With the circular feedback from her implants, she had managed to learn how to exercise a lot of control over her body in ways that just weren’t possible under normal circumstances. The ability to actually see a real-time display of her blood pressure, heart beat, oxygenation levels, and more was just an unparalleled tool for her to wield.

“Time.”

Sorilla slowed to a walk, grabbing a towel from the rail beside her, and wiped the sweat from her face. The doctors finally deigned to look in her direction as one walked over.

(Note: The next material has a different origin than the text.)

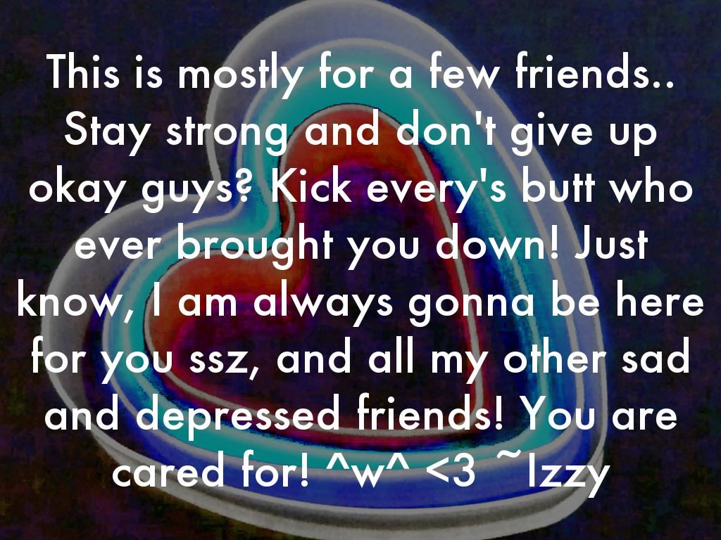 This is mostly for a few friends.. Stay strong and don't give up okay guys? Kick every's butt who ever brought you down! Just know, I am always gonna be here for you ssz, and all my other sad and depressed friends! You are cared for! ^w^
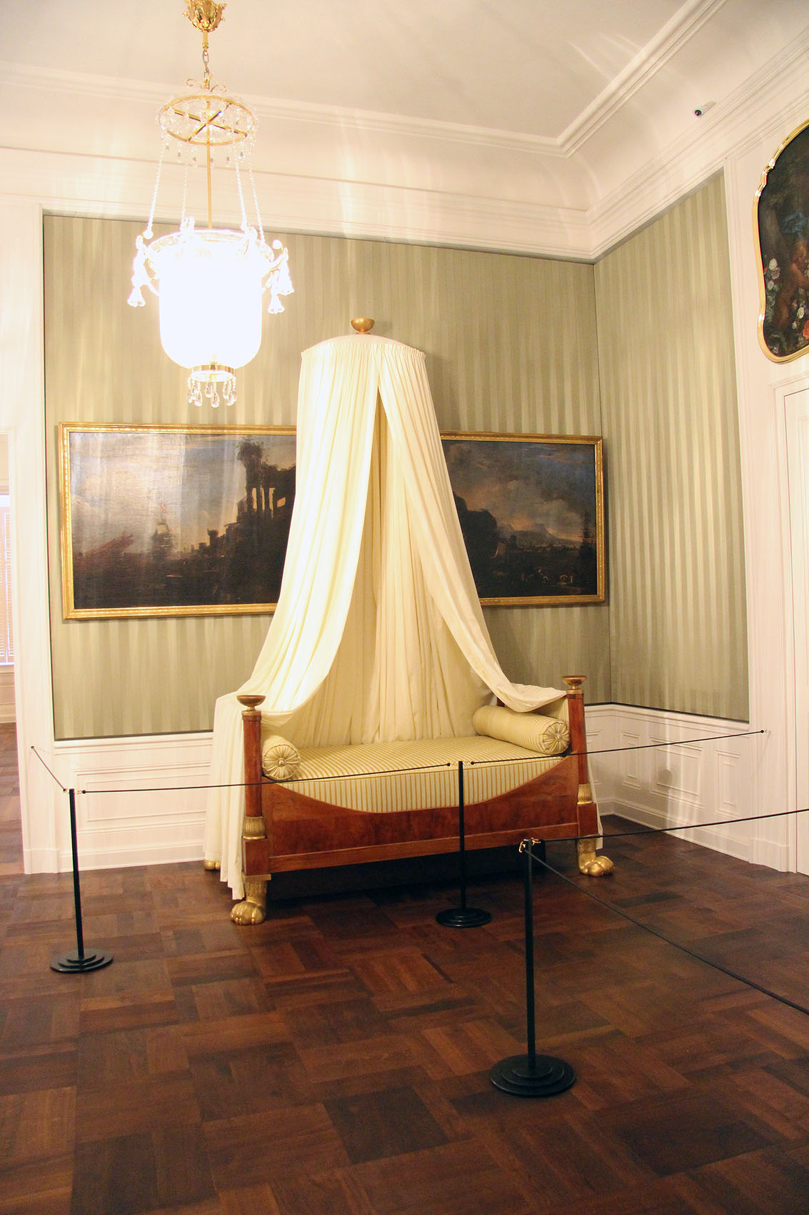 Schloss Bruchsal, Bett im Schlafzimmer der Markgräfin Amalie von Baden.

“Absolutely unreal, Lieutenant.”

“I passed then?”

The doctor snorted. “Lieutenant, I’ve seen Olympic athletes in worse physical shape than you. Certainly you have an unparalleled control over your autonomic functions. How were you lowering your heart rate on command?”

Sorilla shrugged, tossing the towel aside. “I put the biometric data up on my HUD and just watch what works. It’s pretty simple biofeedback control after that, sir.”

“Simple, right,” the doctor scoffed politely. “Our data right now shows that you could probably outlast a champion marathon runner by twenty percent, just from the control you
simply
exercise over your heart rate and breathing. Combined with your general conditioning, Lieutenant, you more than pass the requirements for deployment.”

“Implants check out?”

The doctor nodded, but his face darkened slightly. “They all check out fine, but we’re concerned with how you’ve integrated them.”